=== Data excerpt ===
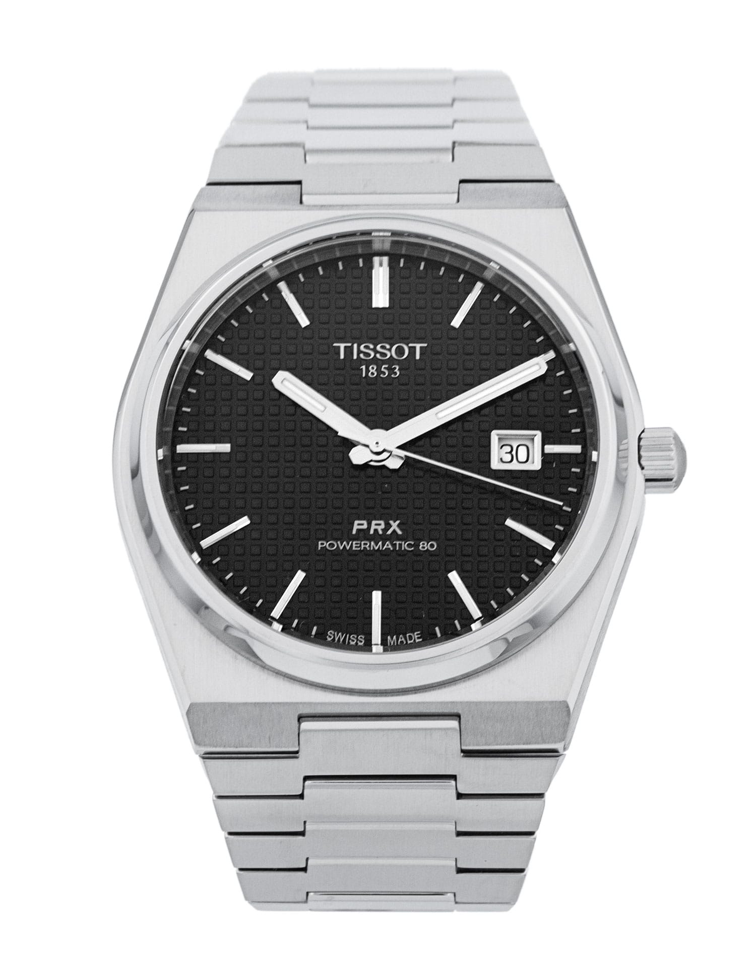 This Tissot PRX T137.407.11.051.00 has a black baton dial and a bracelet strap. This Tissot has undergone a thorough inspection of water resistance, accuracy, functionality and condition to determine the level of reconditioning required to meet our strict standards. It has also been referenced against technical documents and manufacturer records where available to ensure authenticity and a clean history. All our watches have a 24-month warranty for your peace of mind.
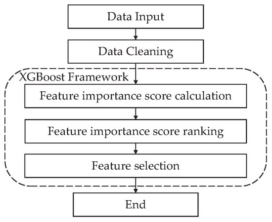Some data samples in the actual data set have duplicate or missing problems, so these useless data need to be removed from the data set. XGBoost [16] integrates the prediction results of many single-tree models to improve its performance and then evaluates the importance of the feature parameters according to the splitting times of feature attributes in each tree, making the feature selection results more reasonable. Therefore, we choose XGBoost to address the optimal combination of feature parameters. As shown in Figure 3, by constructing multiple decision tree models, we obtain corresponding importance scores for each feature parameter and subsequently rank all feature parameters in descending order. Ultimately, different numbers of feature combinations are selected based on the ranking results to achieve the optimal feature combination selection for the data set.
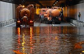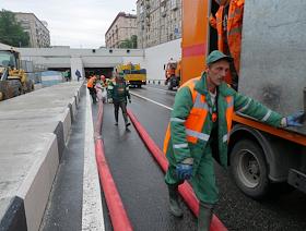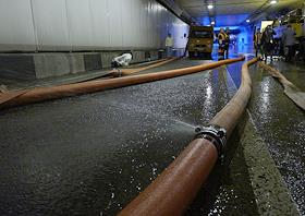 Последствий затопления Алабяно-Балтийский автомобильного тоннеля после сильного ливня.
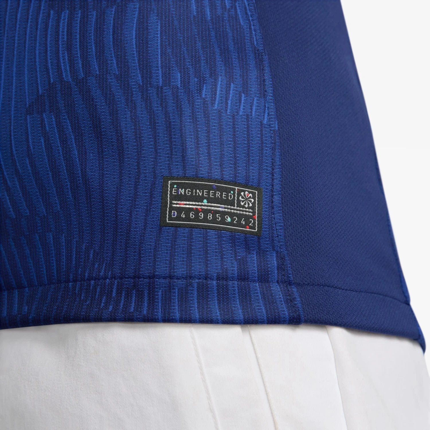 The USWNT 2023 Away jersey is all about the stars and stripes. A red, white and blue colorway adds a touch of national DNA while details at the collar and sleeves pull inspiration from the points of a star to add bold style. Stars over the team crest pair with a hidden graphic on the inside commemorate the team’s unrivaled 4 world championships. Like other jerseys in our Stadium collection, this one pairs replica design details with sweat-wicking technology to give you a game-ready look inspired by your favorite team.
===
* Exercise directions: Images are to be skipped, and each line above is to be returned exactly.

* Response to the task:
 This Tissot PRX T137.407.11.051.00 has a black baton dial and a bracelet strap. This Tissot has undergone a thorough inspection of water resistance, accuracy, functionality and condition to determine the level of reconditioning required to meet our strict standards. It has also been referenced against technical documents and manufacturer records where available to ensure authenticity and a clean history. All our watches have a 24-month warranty for your peace of mind.
Some data samples in the actual data set have duplicate or missing problems, so these useless data need to be removed from the data set. XGBoost [16] integrates the prediction results of many single-tree models to improve its performance and then evaluates the importance of the feature parameters according to the splitting times of feature attributes in each tree, making the feature selection results more reasonable. Therefore, we choose XGBoost to address the optimal combination of feature parameters. As shown in Figure 3, by constructing multiple decision tree models, we obtain corresponding importance scores for each feature parameter and subsequently rank all feature parameters in descending order. Ultimately, different numbers of feature combinations are selected based on the ranking results to achieve the optimal feature combination selection for the data set.
 Последствий затопления Алабяно-Балтийский автомобильного тоннеля после сильного ливня.
 The USWNT 2023 Away jersey is all about the stars and stripes. A red, white and blue colorway adds a touch of national DNA while details at the collar and sleeves pull inspiration from the points of a star to add bold style. Stars over the team crest pair with a hidden graphic on the inside commemorate the team’s unrivaled 4 world championships. Like other jerseys in our Stadium collection, this one pairs replica design details with sweat-wicking technology to give you a game-ready look inspired by your favorite team.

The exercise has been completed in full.